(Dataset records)
╭──

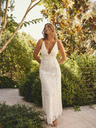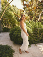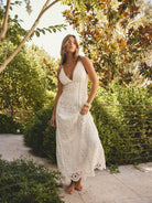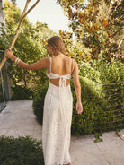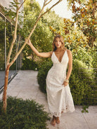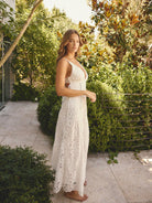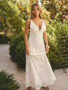 Aralina Elevated Lace Deep V Neck Scalloped Hem Embroidery Open Bow Back Summer Maxi Dress
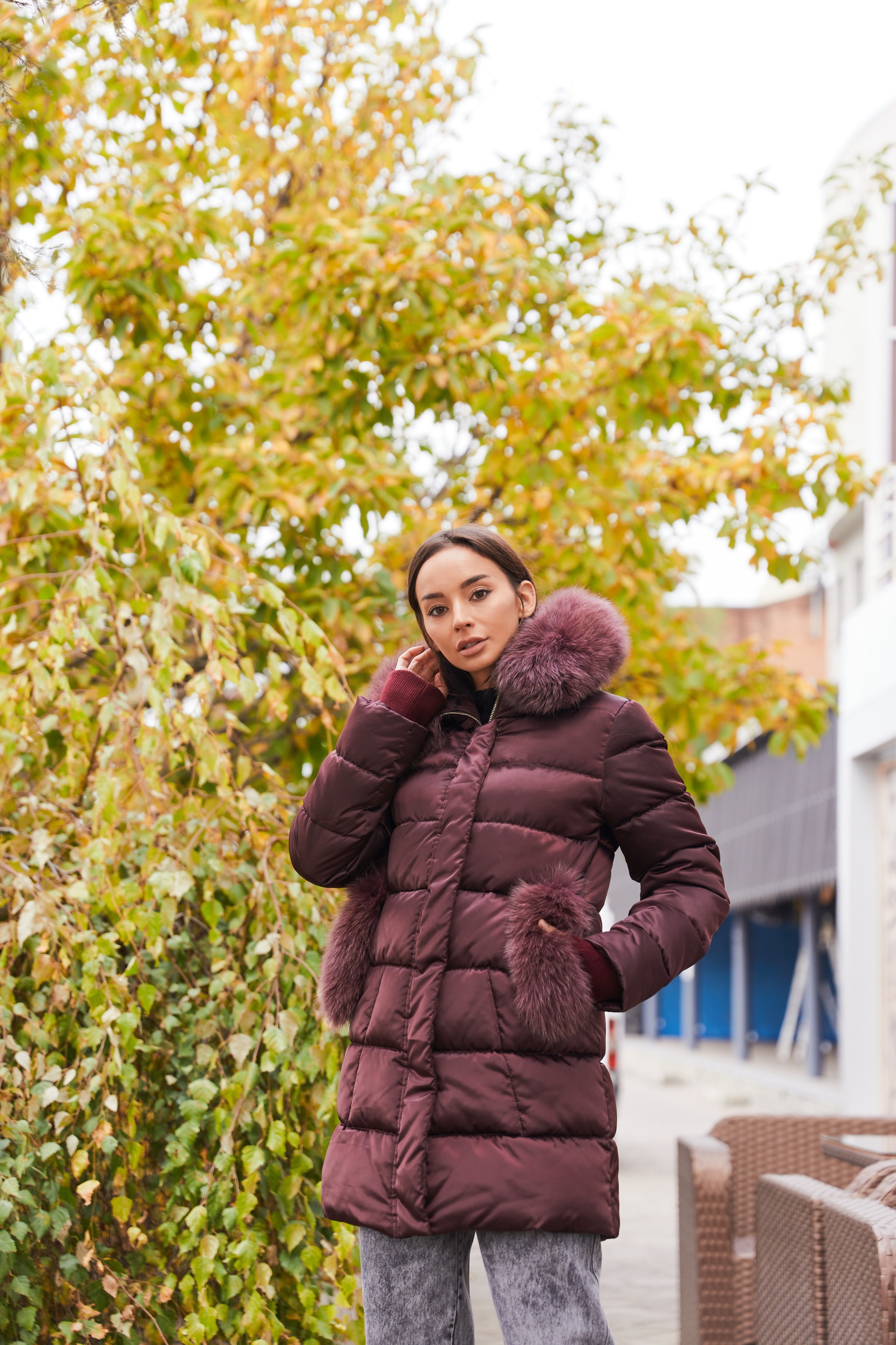 По краю капюшона и на карманах натуральный мех песца. Мех съемный.
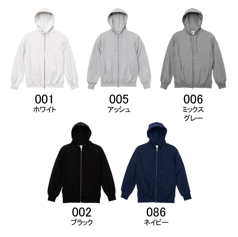 素材:綿 75%、ポリエステル 25% 裏起毛(表面:オープンエンド糸) ミックスグレー:綿 65% ポリエステル 35%(混紡糸) ※生地目は横取り ※ファスナーはYKK社製 ダブルスライダー ※フードひもは丸ひも身頃同色
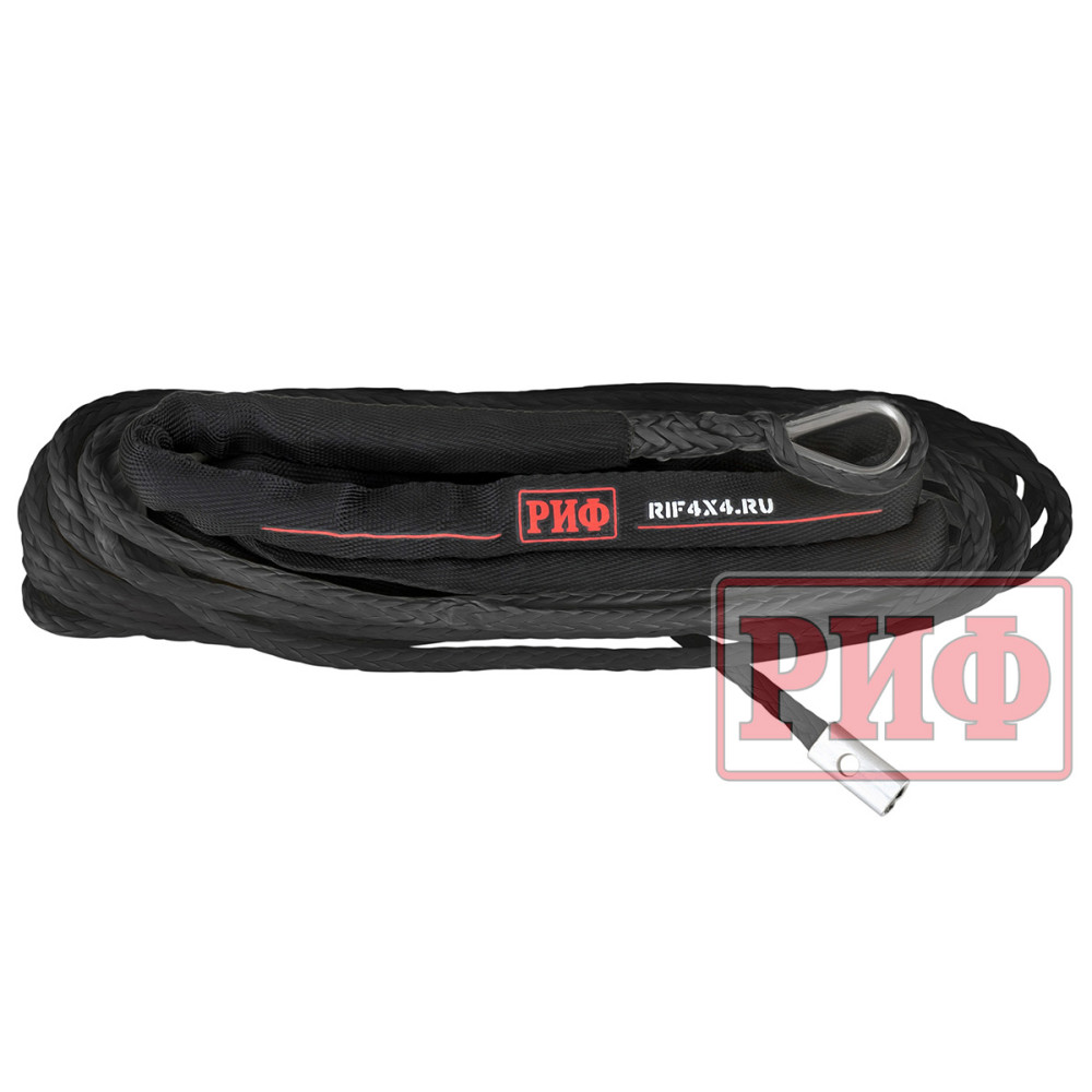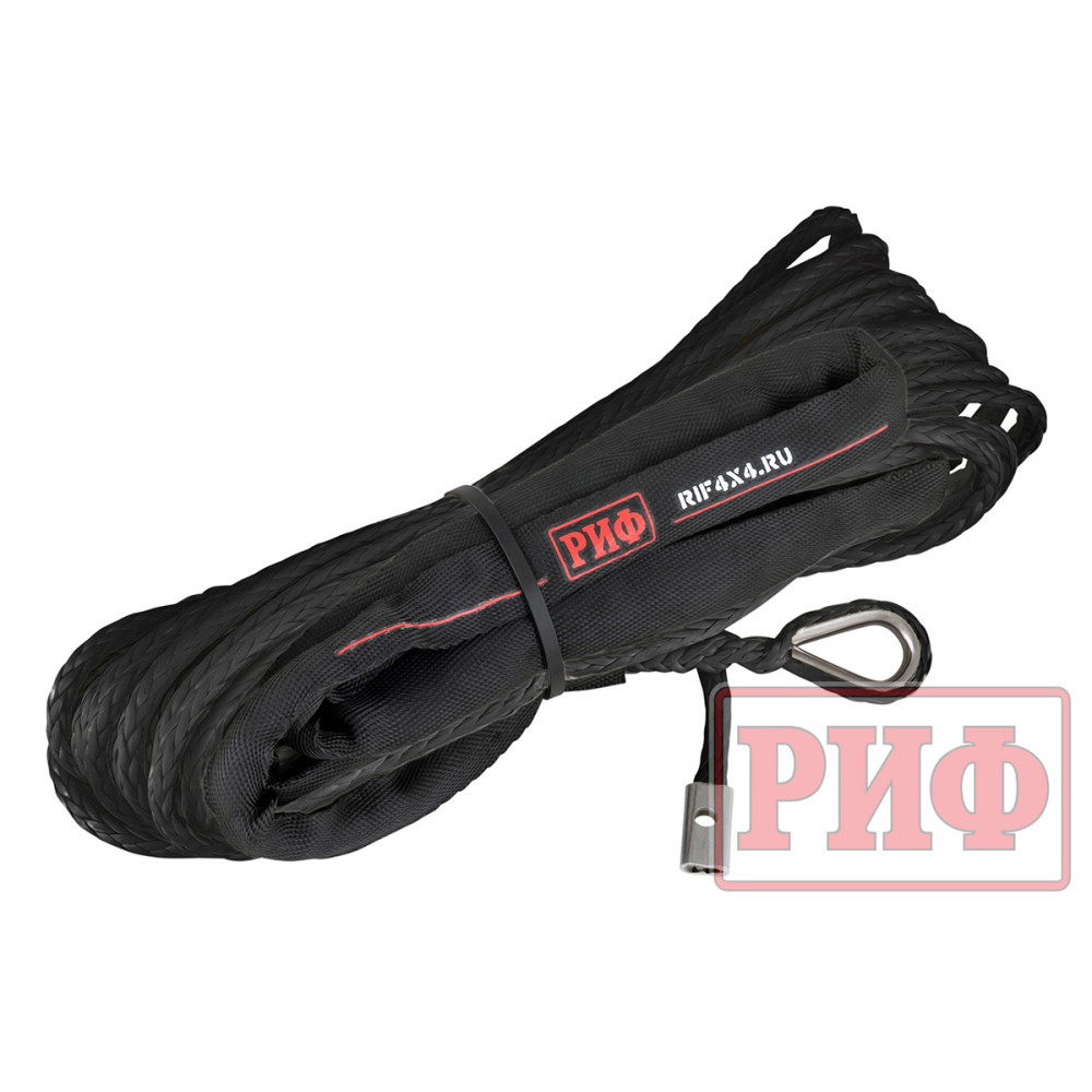 Синтетический трос РИФ изготовлен из UHMWPE(Ultrahigh molecular weight polyethylene – Сверхвысокомолекулярный полиэтилен высокой плотности) и он также прочен, как стальной, но при этом он очень легкий, износостойки и абсолютно безопасный в использовании – даже если он порвется под нагрузкой, тяжелых травм человеку и автомобилю не нанесет благодаря мягкости и маленькому весу.
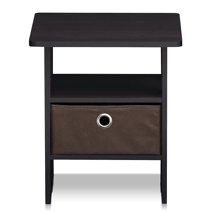 Furinno Andrey End Table / Side Table / Night Stand / Bedside Table with Bin Drawer, Dark Walnut, 1-Pack, Center Bin
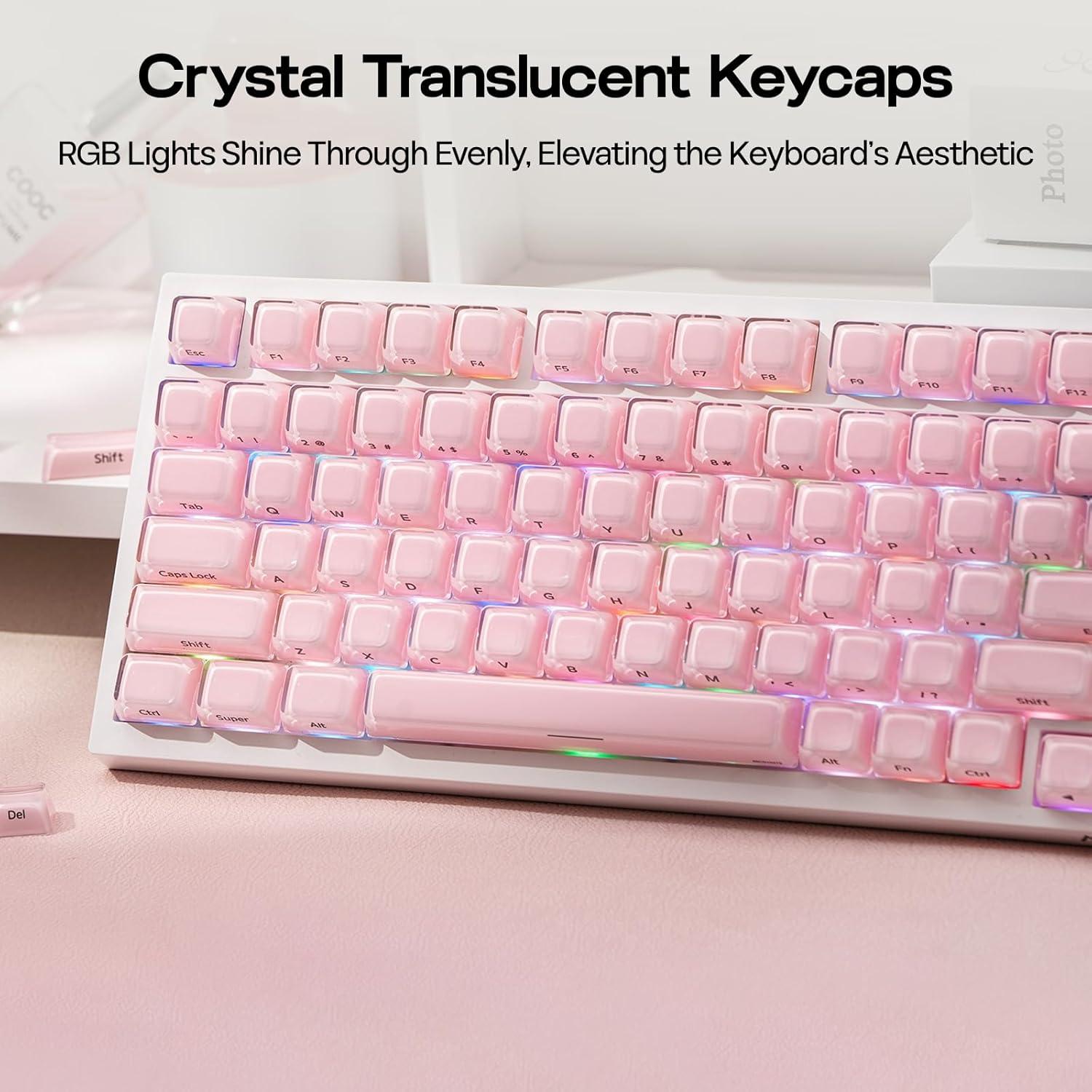 Durable Material & Fade-Resistant Printing for Long-Lasting Use: Crafted from premium ABS+PC composite material, the double-layer stacked design masterfully blends durability with lightweight comfort—resisting scratches, yellowing, and wear even during prolonged, high-intensity use. The crystal-white finish, paired with side-printed legends, exudes a pure, modern aesthetic, perfectly suited for users who favor minimalism or “soft glow” styles. When paired with RGB lighting, the translucent jelly-like material diffuses colors evenly, creating a stunning, radiant effect that makes every key shine brightly.
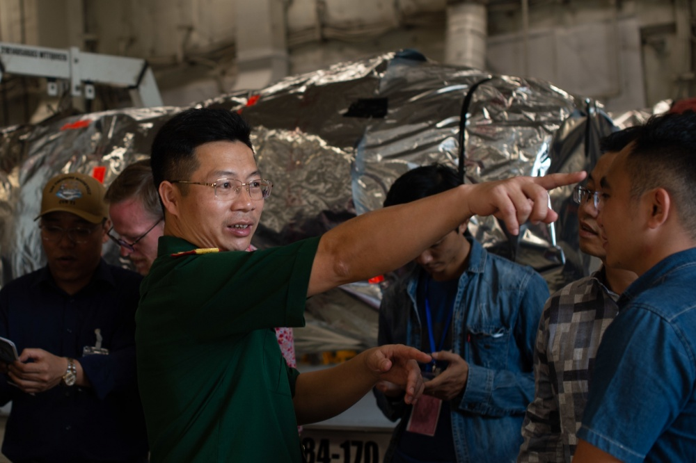 但值得注意的一點是,“羅斯福”號航母當時與邦克山號導彈巡洋艦同時抵達越南峴港,邦克山號導彈巡洋艦停靠在了峴港碼頭,而“羅斯福”號只是停泊在錨地,沒有靠港,越南方面出動了一艘駁船負責在碼頭和航母之間接送人員。在訪問越南期間,美國海軍官兵與越南方面開展了多項交流活動,包括參加在越方碼頭舉行歡迎儀式、前往峴港當地的社區和慈善中心進行慰問以及邀請越南當地媒體和越南官兵上航母參觀交流等。而據美國太平洋艦隊官方公佈的照片顯示,在各種交流活動期間,美國軍艦並未採取任何防疫措施,美越雙方也無人佩戴口罩。
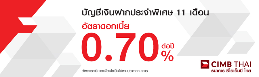 - ต้องมีหรือเปิดบัญชีเงินฝากออมทรัพย์ของธนาคาร ซีไอเอ็มบี ไทย จำกัด (มหาชน) ในวันที่ทำรายการฝาก โดยชื่อบัญชีเงินฝากออมทรัพย์จะต้องมีชื่อเจ้าของบัญชีเงินฝากประจำพิเศษ 7, 11 เดือน

╰──

Output must match the lines from the start of the records above through the line that contains "По краю капюшона", exactly and with every picture removed.

* **Exercise answer**
 Aralina Elevated Lace Deep V Neck Scalloped Hem Embroidery Open Bow Back Summer Maxi Dress
 По краю капюшона и на карманах натуральный мех песца. Мех съемный.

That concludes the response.